Como lidar com as queixas?
O condomínio é a primeira sociedade que participamos depois da própria família. Da porta pra fora o vizinho é o nosso próximo. Não se escolhe quem mora na porta ao lado, acima ou abaixo de nós.
São um aglomerado de pessoas que por uma eventualidade, coincidência, ou acaso, acabaram indo morar no mesmo condomínio. Assim como na sociedade, há perfis que não estão necessariamente alinhados com a gente, mas mesmo assim, a boa convivência é o que nos permite evoluir como humanidade.

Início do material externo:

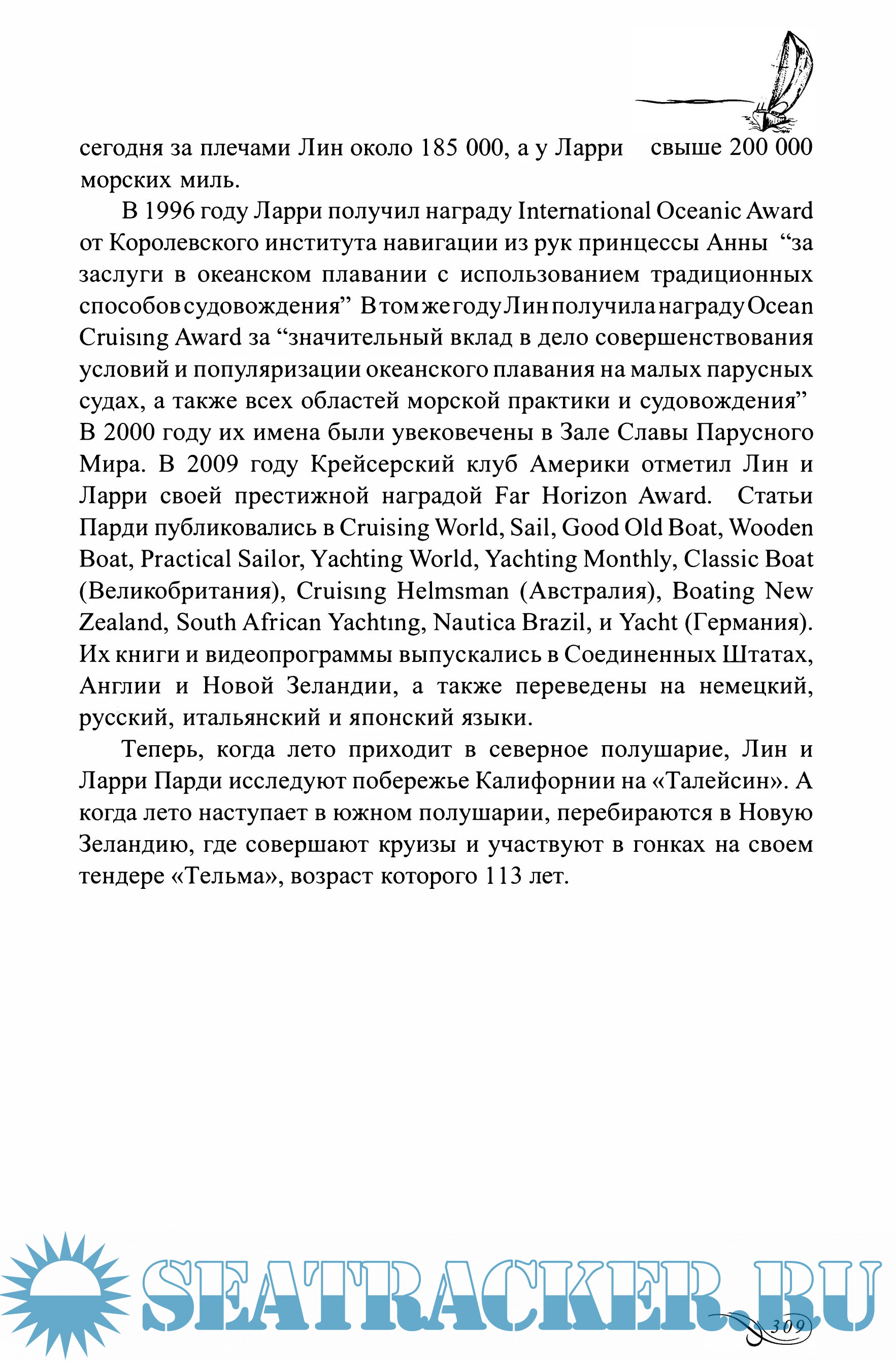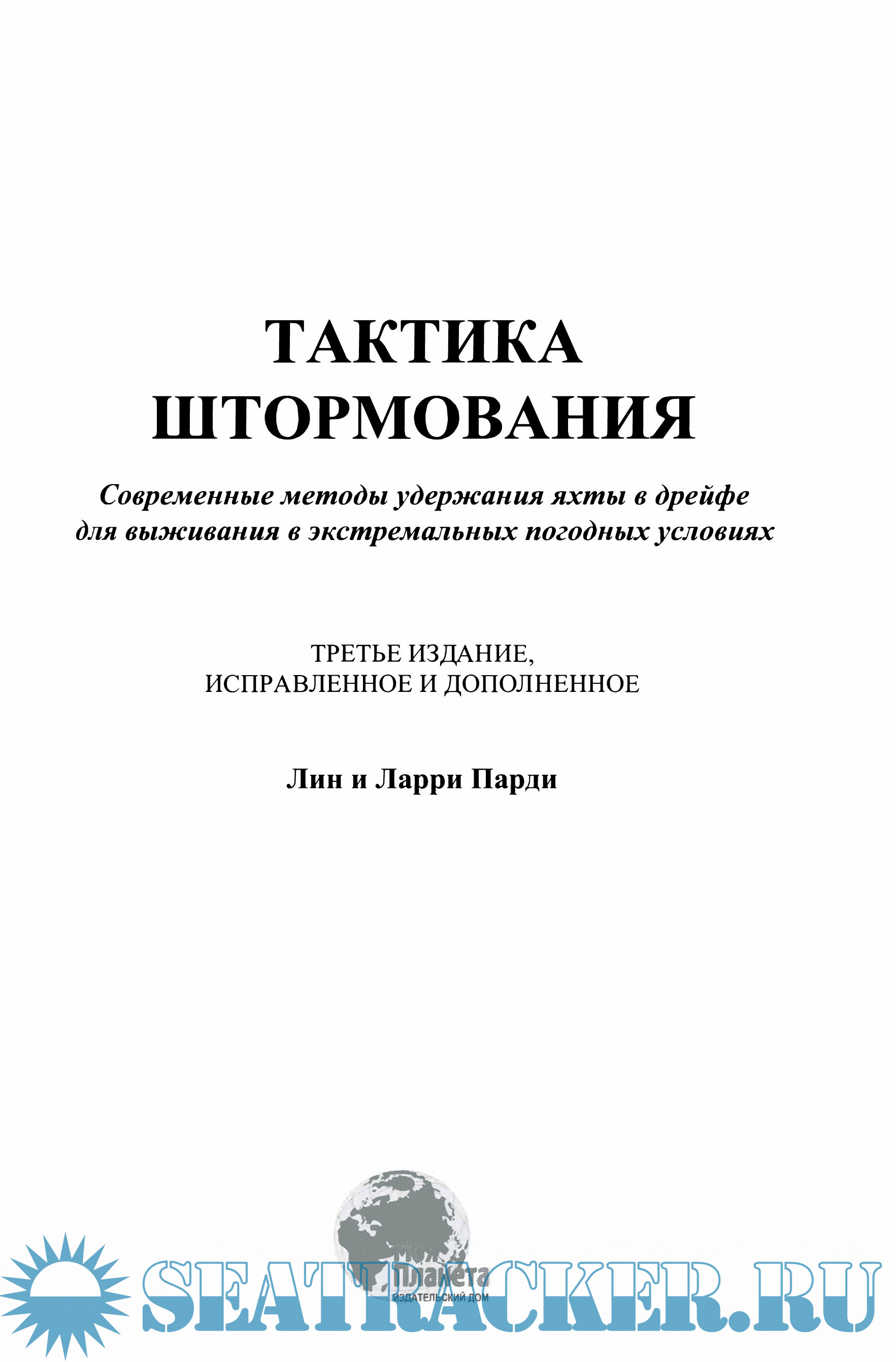 Год выпуска: 2012 Язык: русский Автор: Парди Лин, Парди Ларри Жанр: Практическое пособие Издательство: М. ИД «Моя планета» Издание: ТРЕТЬЕ ИЗДАНИЕ, ИСПРАВЛЕННОЕ И ДОПОЛНЕННОЕ ISBN: 978-5-905445-03-3 Формат: PDF Качество: Распознанный текст без ошибок (OCR) Количество страниц: 319 Описание: Практическое пособие, в котором изложены тактические приемы штормованиия, выработанные авторами в течение более четырех десятилетий совместного плавания, многократно опробованные и отшлифованные на протяжении нескольких кругосветок и перегонов более двадцати судов, а также испытанные при прохождении четырех великих южных мысов, включая легендарный Мыс Горн. Доп. информация: DVD с видеоматериалом от Лин и Ларри Парди по подготовке судна ко встрече со штормом и практическому использованию приемов штормования, описанных в книге (продолжительность - 74 мин., на двух языках: русс./англ.) доступен по ссылке https://seatracker.me/viewtopic.php?t=23045
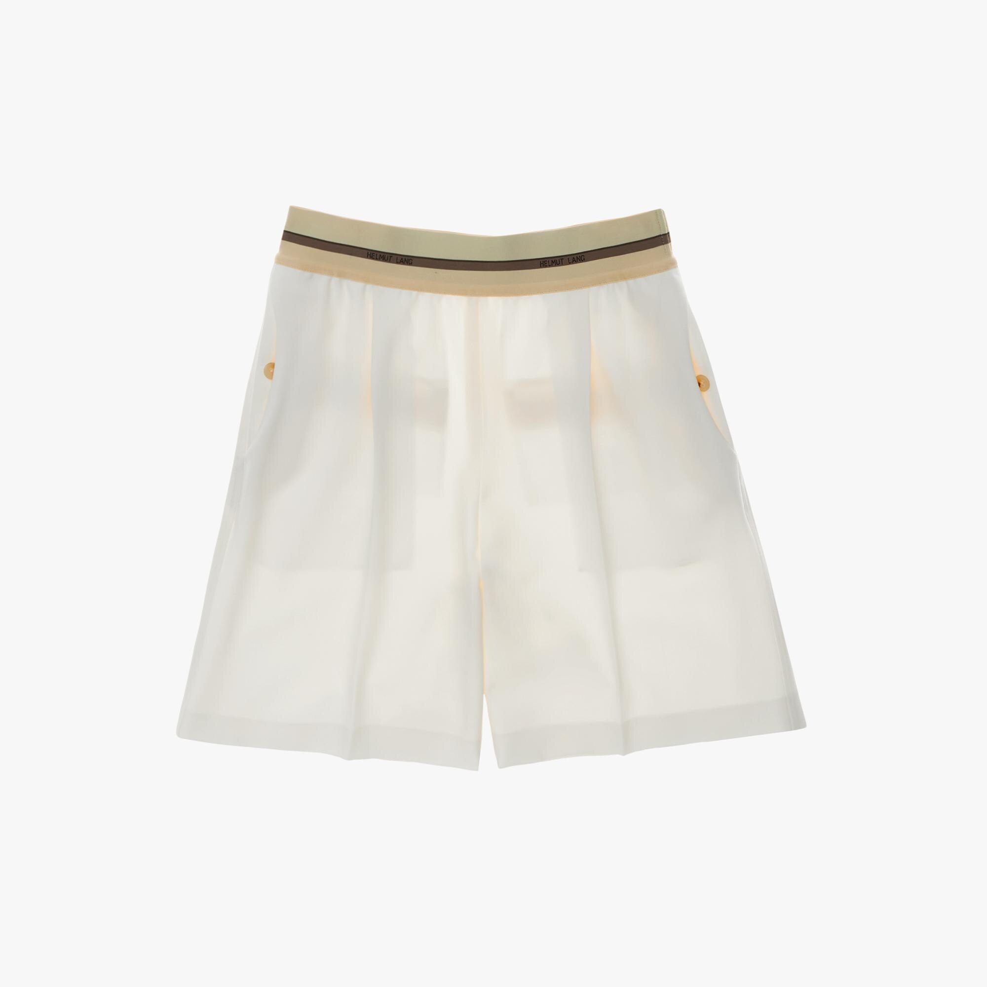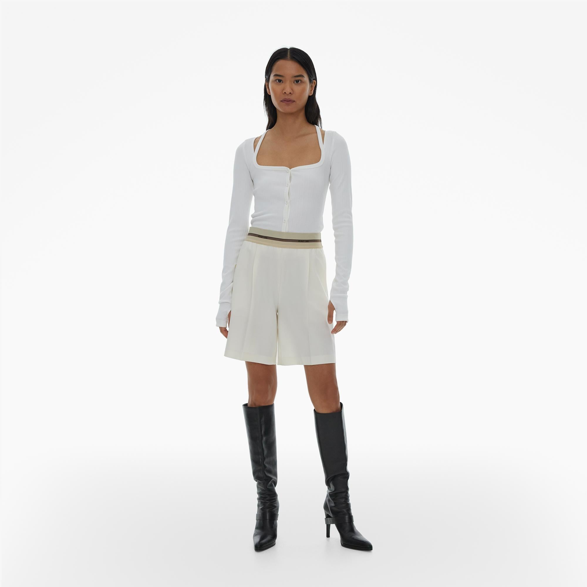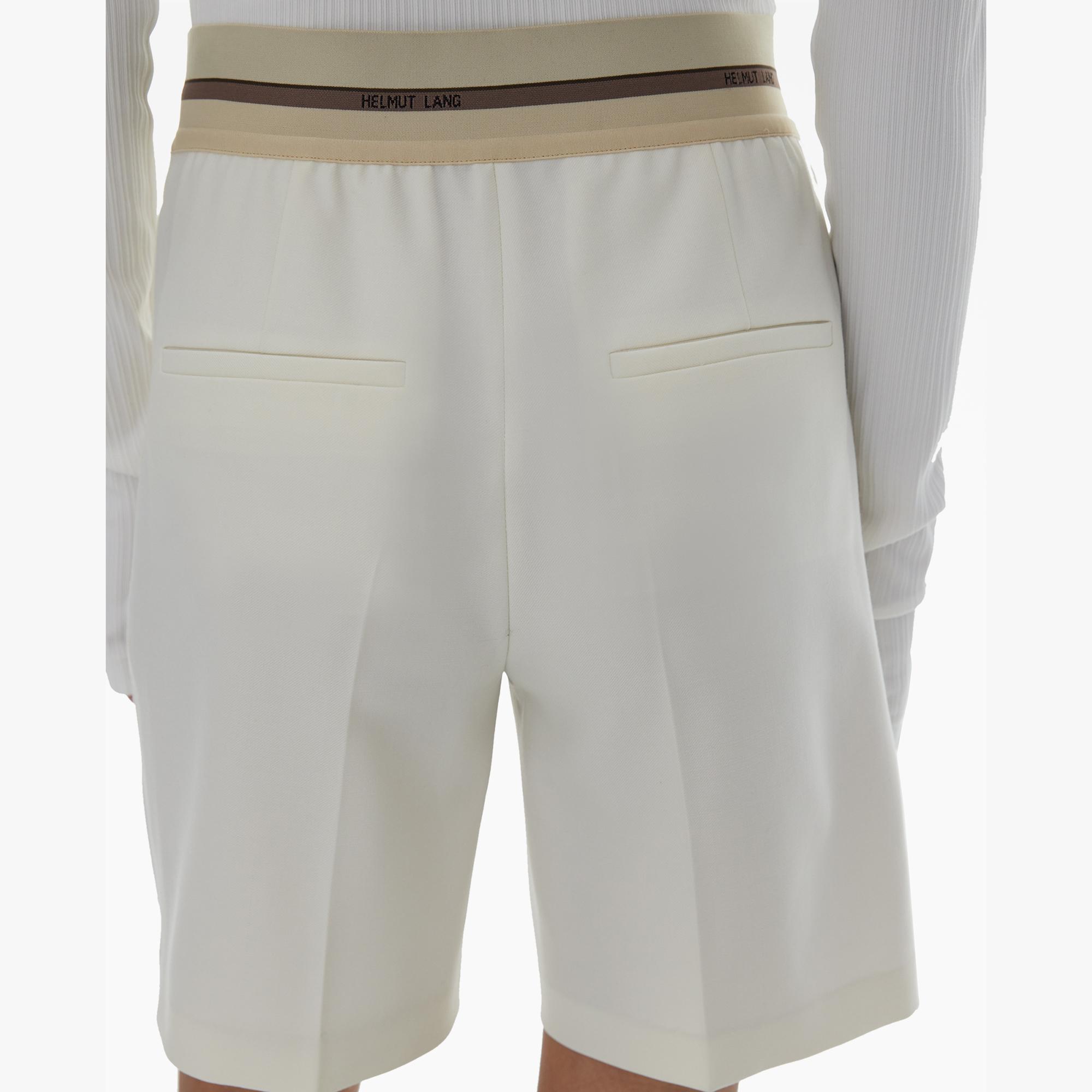 The Helmut Lang Pull On Short is a high-rise short in stretch wool-blend with a pleated elasticized logo waistband.
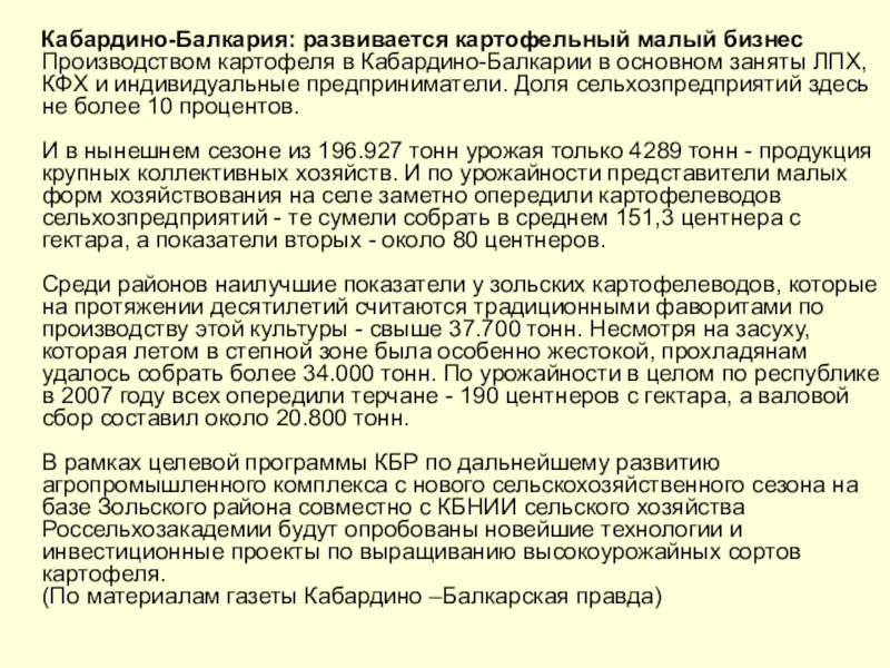 Слайд 29 Кабардино-Балкария: развивается картофельный малый бизнес Производством картофеля
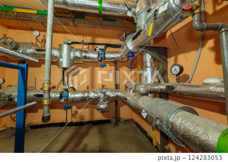 Technical heating pipes in the basement of a
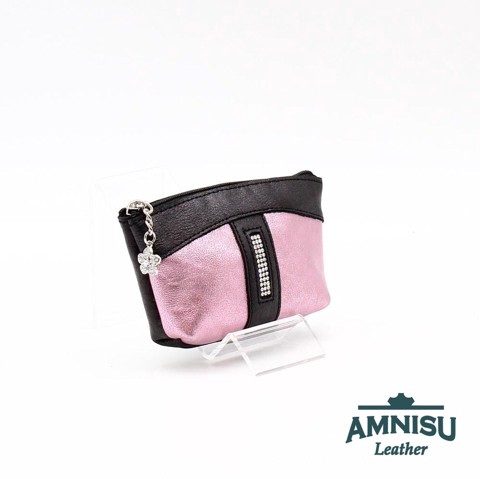 Fényes fekete - metál rózsaszín egy cipzáras egyenes swarovski köves kulcstartó E8006
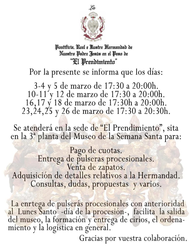 La Pontificia, Real e Ilustre Hermandad de Nuestro Padre Jesús en el Paso de “El Prendimiento” ha informado de la apertura de varios días de atención presencial en su sede, ubicada en la tercera planta del Museo de la Semana Santa.
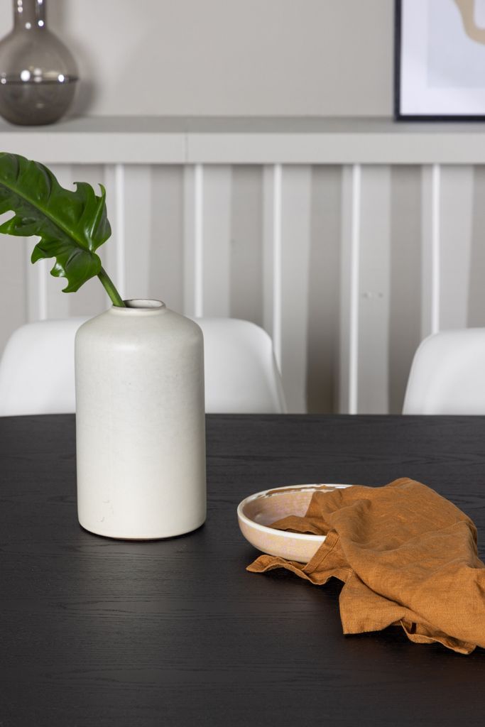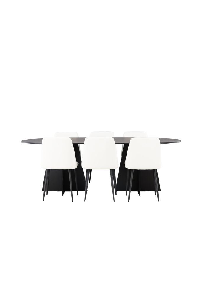 Möblera hemmets hjärta pampigt och stilrent med Venture Home Matgrupp Bootcut, en perfekt kombination av elegans och funktionalitet i skandinavisk stil. Den ovala bordsskivan i svart MDF med faner ger en sofistikerad look, medan den unika stommen med två konformade ben skapar en stabil och estetiskt tilltalande grund. Bordets generösa mått på 115x230 cm gör det idealiskt för att samla familj och vänner.
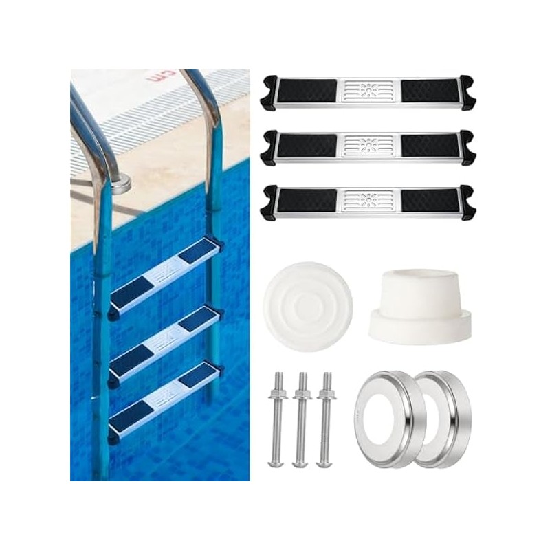 3 Pack Stainless Steel Swimming Pool Ladder Steps with Pool Ladder Bumpers & Pool Ladder Escutcheon Plates, 18'' Heavy Duty Replacement Pool Ladders for Inground Swimming Pools
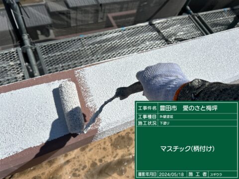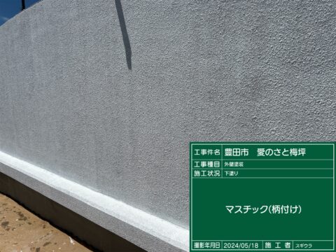 今回、下塗りは柄付きでマスチックという工法を使用しました!

Lembro-me de uma vez que ao passar uma noite mal dormida por causa do ar-condicionado do apartamento de acima, que pingou a noite toda sobre o meu, eu mandei um e-mail bem mal educado para o síndico. Exigi que ele resolvesse o “meu” problema alertando a vizinha do andar de cima, que consertasse o quanto antes o dreno do seu aparelho, pois aquilo estava interferindo na minha qualidade de vida.
Hoje, mais amadurecida, não tomaria uma atitude dessas. O melhor posicionamento num exemplo assim, seria ir eu mesma e bater na porta dela, com toda educação e alertá-la que o aparelho estava apresentando aquele problema, pois, como vim a saber mais tarde, ela não fazia ideia de que aquilo estava acontecendo.
A grande maioria das reclamações que chegam ao síndico poderiam ser resolvidas de forma mais amigável entre os próprios condôminos, se todos carregassem consigo a bandeira do respeito e do diálogo.
Por vezes temos que tolerar um som mais alto, afinal é aniversário do vizinho. Outra vez é ele quem vai ter que suportar as conversas e risadas até altas horas, pois minha família que não via há tempos veio me visitar. Pode ser que sejamos todos acordados eventualmente pelo bebê do apartamento ao lado, pois ele estará doente.
Não podemos sonhar com um mundo melhor se tornamos nosso condomínio um lugar hostil. Não podemos exigir de um presidente ou do síndico, que resolva nossos problemas se não estamos dispostos a tomar as rédeas do nosso comportamento e fazer aquilo que nos cabe.
Quanto mais regras, normas e exigências há num condomínio, mais complicado ele é. O tamanho de um Regimento Interno demonstra a vulnerabilidade da convivência daquele lugar. É certo que as normas servem para regular a convivência e moldar os costumes, mas a finalidade é sempre a boa convivência, a ordem e a harmonia. Então se cada um trouxer dentro de si a clareza e afinidade com esse objetivo, o Regimento vai ficar empoeirado na estante, e ainda assim, todos estarão satisfeitos com essa pequena sociedade.
Você síndico está lendo isso e pode ser que esteja concordando, e pode ser também que esteja pensando que a realidade não é bem essa. Você é o guerreiro que enfrenta no dia a dia o mau humor, as queixas sem fim, as picuinhas dos condôminos e pode estar se perguntando como amenizar tudo isso.
O ponto principal em qualquer sociedade é a cultura intrínseca, que se reflete nas atitudes das pessoas. Bem, a cultura não se muda no virar de uma chave. É um processo longo e demorado, mas que alguém precisa desencadear. O síndico precisa se despir do papel de resolver todas as coisas.
Que tal devolver a questão para quem está lhe trazendo uma queixa de algum outro morador? Experimente perguntar para o reclamante se ele já tentou resolver a questão diretamente com o reclamado. Diga que entende sua posição e o leve a pensar sobre entender também o outro lado. Faça com que ele reflita, que se coloque no lugar do outro. Um posicionamento assim pode não surtir efeito imediatamente, mas com certeza estará plantando uma sementinha que tem tudo pra brotar e conduzir seu condomínio num lugar com menos queixas e mais atitude.
Martinha Silva é graduada em Administração, especialista em Gestão de Pessoas, gestora condominial em Itajaí e escritora.